_PROBLEM_: Your answer must be the line containing "BLACK 'FALABELLA TRI" and each following line to the end of the listing below, copied exactly, with pictures removed and nothing added.

_DATA SHOWN_:
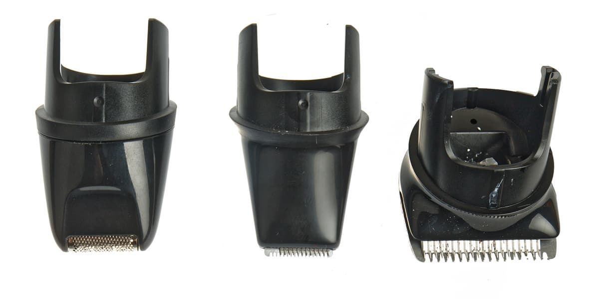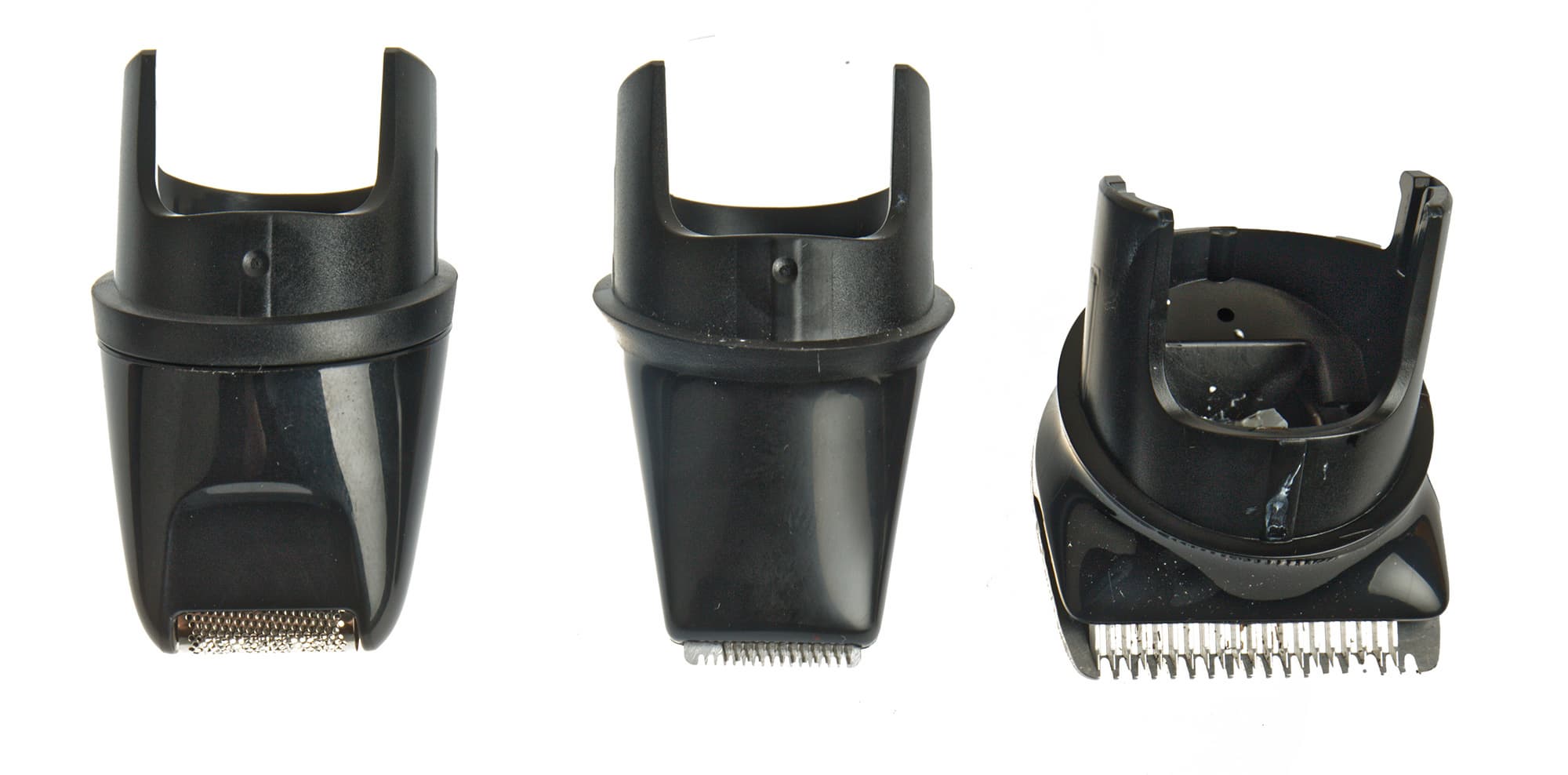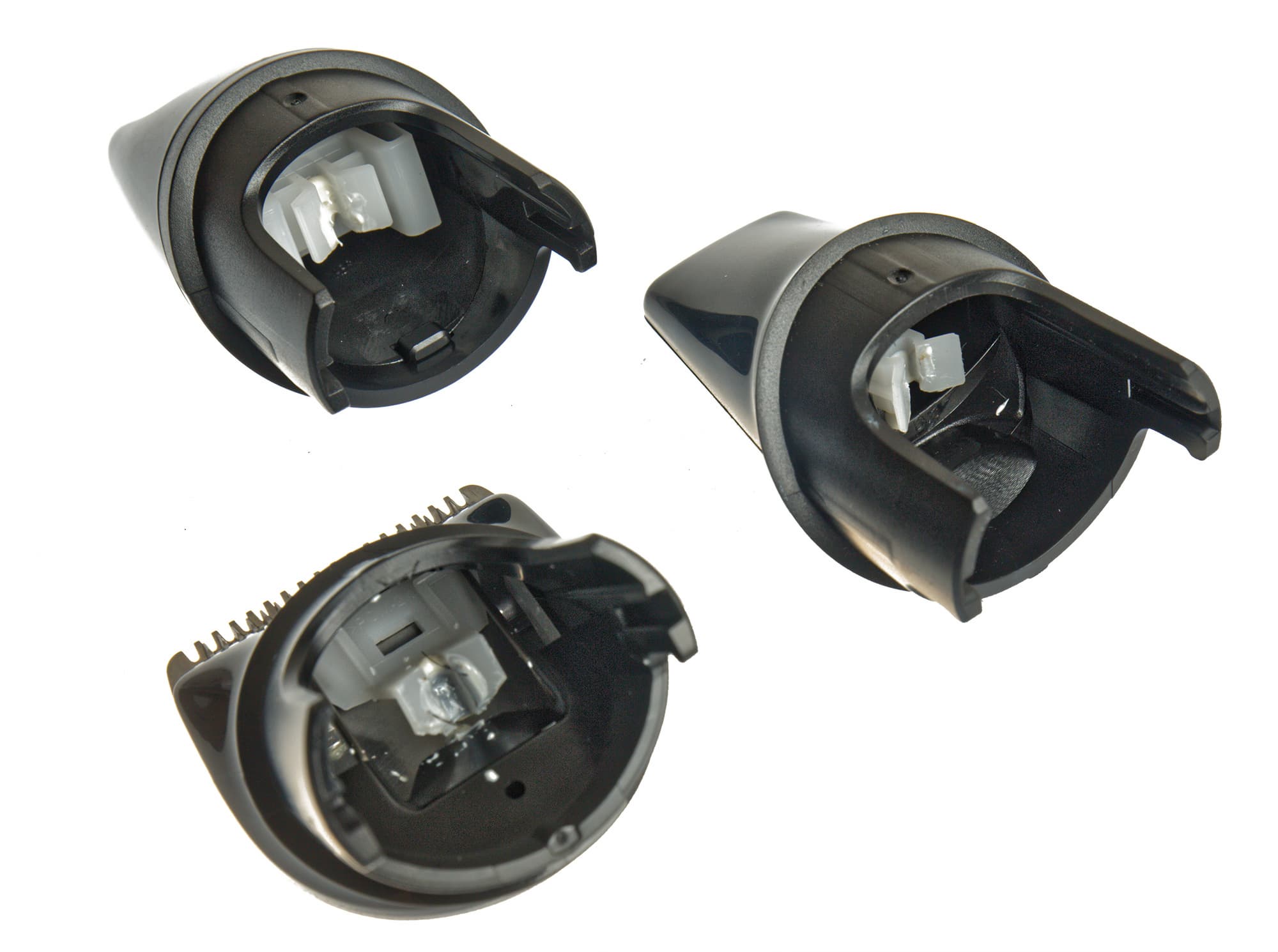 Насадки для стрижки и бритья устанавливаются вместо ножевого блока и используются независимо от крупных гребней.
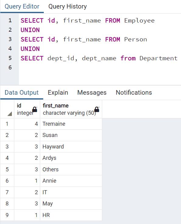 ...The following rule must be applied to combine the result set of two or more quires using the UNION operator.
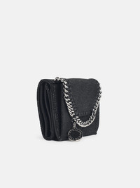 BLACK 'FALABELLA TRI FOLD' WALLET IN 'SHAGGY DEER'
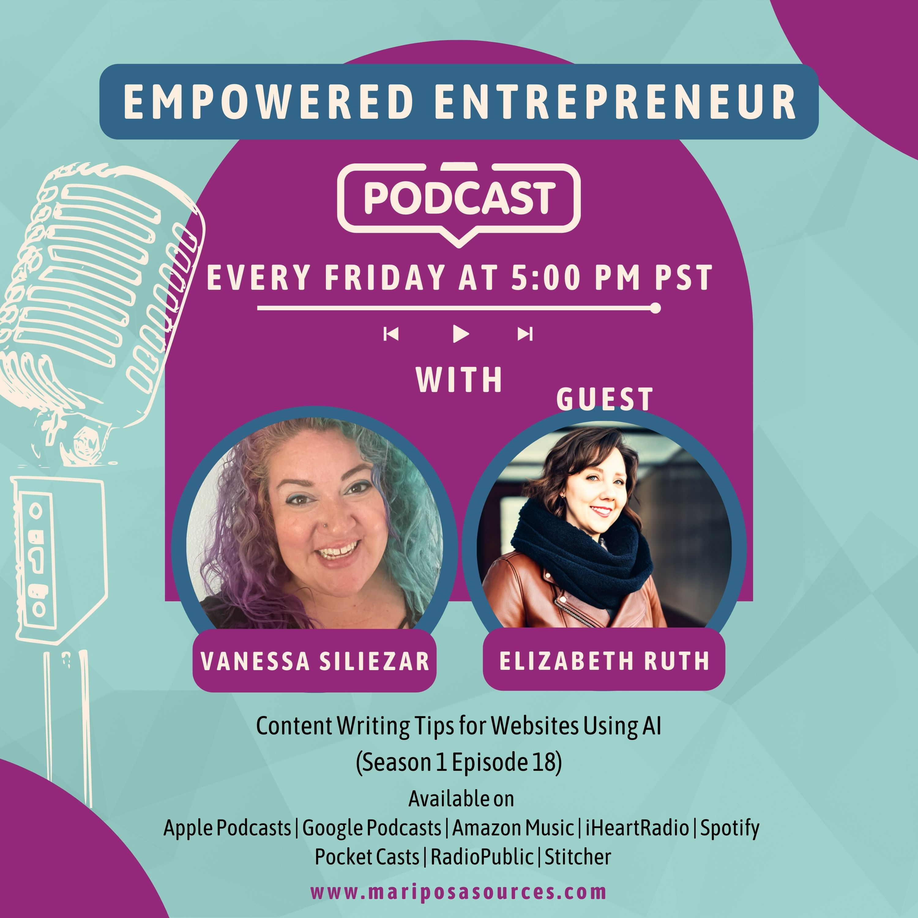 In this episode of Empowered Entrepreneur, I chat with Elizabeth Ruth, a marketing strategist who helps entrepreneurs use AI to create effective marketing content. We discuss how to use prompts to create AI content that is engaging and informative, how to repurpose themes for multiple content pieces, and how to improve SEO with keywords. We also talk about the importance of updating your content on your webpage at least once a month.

_ANSWER TO THIS TASK_:
 BLACK 'FALABELLA TRI FOLD' WALLET IN 'SHAGGY DEER'
 In this episode of Empowered Entrepreneur, I chat with Elizabeth Ruth, a marketing strategist who helps entrepreneurs use AI to create effective marketing content. We discuss how to use prompts to create AI content that is engaging and informative, how to repurpose themes for multiple content pieces, and how to improve SEO with keywords. We also talk about the importance of updating your content on your webpage at least once a month.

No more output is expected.